Table 2. PITR Options of the Postgresql Bacula Enterprise Plugin

For restoration:

  • Stop the Postgresql service, if it is running.
  • If you have room for this, copy the entire cluster data directory and any tablespaces to a temporary location, should you need them later. Note that this precaution will require that you have enough free space on the system to store two copies of the existing database. If you do not have enough space, you need to at least copy the contents of the pg_xlog subdirectory from the cluster’s data directory, as it may contain logs that were not archived before the system became inactive.
  • Clean up any existing files and subdirectories in the cluster data directory and under the root directories of all the tablespaces you are using.
  • Restore the database files from your dump. If you are using tablespaces, you should verify that the symbolic links in pg_tblspc / have been restored correctly. If necessary, check the PrefixLinks restore option.
  • Remove all files present in pg_xlog; these have come from backup and therefore are probably obsolete and not current. This directory should normally be empty.
    If you have unarchived the WAL segment files that you saved in step 2, copy them to pg_xlog/. (It’s better to copy them, not move them so you still have unmodified files if a problem occurs and you have to start again).
  • Edit the recovery command file recovery.conf.sample in the cluster data directory and rename it as recovery.conf. You may also want to temporarily modify pg_hba.conf to prevent ordinary users from connecting until you are sure that the recovery worked.

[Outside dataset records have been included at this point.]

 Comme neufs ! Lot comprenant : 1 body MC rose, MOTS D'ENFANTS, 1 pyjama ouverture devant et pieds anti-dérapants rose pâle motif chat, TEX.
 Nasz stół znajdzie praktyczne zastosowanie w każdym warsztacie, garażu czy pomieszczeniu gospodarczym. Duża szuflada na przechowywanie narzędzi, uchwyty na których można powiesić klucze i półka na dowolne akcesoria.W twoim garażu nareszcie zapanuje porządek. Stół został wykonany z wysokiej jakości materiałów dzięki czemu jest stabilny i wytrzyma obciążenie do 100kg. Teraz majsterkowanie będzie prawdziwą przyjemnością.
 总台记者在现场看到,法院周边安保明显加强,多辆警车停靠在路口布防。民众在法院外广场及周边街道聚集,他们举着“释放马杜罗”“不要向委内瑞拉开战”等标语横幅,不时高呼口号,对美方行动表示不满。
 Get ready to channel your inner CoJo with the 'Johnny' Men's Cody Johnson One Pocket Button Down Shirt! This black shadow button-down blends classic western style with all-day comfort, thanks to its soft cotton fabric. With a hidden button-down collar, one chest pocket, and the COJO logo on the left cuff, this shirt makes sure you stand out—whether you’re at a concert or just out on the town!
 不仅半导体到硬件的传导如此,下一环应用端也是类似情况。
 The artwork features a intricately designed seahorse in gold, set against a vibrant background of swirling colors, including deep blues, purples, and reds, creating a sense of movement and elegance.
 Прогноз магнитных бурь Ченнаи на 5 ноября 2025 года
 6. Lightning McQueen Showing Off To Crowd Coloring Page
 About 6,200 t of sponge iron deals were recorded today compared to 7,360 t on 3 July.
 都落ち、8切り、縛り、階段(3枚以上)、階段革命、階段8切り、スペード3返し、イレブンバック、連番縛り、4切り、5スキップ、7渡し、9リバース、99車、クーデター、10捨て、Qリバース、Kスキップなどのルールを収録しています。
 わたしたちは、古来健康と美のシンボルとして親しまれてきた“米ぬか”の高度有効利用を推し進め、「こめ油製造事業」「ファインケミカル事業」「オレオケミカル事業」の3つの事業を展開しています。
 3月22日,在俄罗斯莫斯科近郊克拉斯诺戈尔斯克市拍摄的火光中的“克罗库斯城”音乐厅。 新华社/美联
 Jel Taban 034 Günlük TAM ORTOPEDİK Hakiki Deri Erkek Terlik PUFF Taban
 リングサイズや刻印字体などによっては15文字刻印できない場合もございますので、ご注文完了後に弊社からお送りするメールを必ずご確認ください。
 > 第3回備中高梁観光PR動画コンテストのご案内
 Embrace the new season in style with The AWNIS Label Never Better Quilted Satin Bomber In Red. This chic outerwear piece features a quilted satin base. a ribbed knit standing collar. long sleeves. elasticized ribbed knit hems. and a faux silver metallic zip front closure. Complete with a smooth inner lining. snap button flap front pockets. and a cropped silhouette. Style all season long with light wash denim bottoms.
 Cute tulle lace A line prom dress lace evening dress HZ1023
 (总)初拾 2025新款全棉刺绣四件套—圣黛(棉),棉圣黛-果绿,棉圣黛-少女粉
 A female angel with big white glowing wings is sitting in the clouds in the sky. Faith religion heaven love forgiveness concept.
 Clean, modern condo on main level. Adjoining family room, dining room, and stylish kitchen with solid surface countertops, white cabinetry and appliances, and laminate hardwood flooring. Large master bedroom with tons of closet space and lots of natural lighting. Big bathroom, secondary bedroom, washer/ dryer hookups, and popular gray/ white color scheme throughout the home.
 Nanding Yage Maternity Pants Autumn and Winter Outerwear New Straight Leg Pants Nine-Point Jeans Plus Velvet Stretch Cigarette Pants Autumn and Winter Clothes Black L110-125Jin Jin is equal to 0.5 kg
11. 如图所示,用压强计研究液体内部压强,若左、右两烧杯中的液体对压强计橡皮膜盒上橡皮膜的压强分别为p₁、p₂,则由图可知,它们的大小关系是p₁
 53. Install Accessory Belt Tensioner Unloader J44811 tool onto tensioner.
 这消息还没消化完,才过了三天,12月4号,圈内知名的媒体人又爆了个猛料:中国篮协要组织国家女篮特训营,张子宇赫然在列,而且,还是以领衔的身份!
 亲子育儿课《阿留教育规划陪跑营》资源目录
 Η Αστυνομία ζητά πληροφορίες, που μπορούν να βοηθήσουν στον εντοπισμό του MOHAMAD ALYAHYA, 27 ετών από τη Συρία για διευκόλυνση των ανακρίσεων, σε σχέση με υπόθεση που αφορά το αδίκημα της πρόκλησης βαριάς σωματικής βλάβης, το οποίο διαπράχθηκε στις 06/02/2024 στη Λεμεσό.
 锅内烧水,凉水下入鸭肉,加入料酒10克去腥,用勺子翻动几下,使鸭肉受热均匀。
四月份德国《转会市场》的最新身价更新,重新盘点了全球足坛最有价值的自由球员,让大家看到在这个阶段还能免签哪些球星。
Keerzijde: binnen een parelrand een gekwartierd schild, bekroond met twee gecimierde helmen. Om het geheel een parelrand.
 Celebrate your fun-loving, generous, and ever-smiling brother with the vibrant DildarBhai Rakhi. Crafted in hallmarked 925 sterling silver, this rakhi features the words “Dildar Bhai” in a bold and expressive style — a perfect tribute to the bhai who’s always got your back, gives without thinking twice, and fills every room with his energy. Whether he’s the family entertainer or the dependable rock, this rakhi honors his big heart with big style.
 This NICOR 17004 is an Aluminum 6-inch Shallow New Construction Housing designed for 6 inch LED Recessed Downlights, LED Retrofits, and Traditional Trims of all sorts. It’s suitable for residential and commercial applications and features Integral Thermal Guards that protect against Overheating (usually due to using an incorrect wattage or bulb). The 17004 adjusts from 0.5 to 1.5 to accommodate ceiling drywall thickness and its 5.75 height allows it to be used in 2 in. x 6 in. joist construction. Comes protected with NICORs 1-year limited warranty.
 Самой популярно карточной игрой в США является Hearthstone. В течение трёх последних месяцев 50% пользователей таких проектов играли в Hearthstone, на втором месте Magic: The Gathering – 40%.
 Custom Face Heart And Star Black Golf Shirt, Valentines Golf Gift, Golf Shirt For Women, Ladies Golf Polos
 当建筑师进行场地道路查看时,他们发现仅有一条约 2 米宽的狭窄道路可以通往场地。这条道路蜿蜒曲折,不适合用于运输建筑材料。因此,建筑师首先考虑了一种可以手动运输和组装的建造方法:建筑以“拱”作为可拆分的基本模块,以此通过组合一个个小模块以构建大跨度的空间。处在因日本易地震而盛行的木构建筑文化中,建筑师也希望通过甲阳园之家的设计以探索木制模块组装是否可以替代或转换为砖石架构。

  • Start the server. The server will enter recovery mode and continue reading the archived WAL files you need. If recovery is terminated due to an external error, the server can simply be restarted and recovery will continue. Upon completion of the recovery process, the server will rename recovery.conf to recovery.done (to prevent accidental recovery mode recovery in the event of a failure later), and then start normal database operations.
su postgres
cd /path/to/your/data/directory
mv recovery.conf.sample recovery.conf
vi recovery.conf
pg_ctl -D $PWD start
  • Inspect the contents of the database to ensure that you have recovered where you want to. If not, go back to step 1. If all is well, let users access by restoring pg_hba.conf.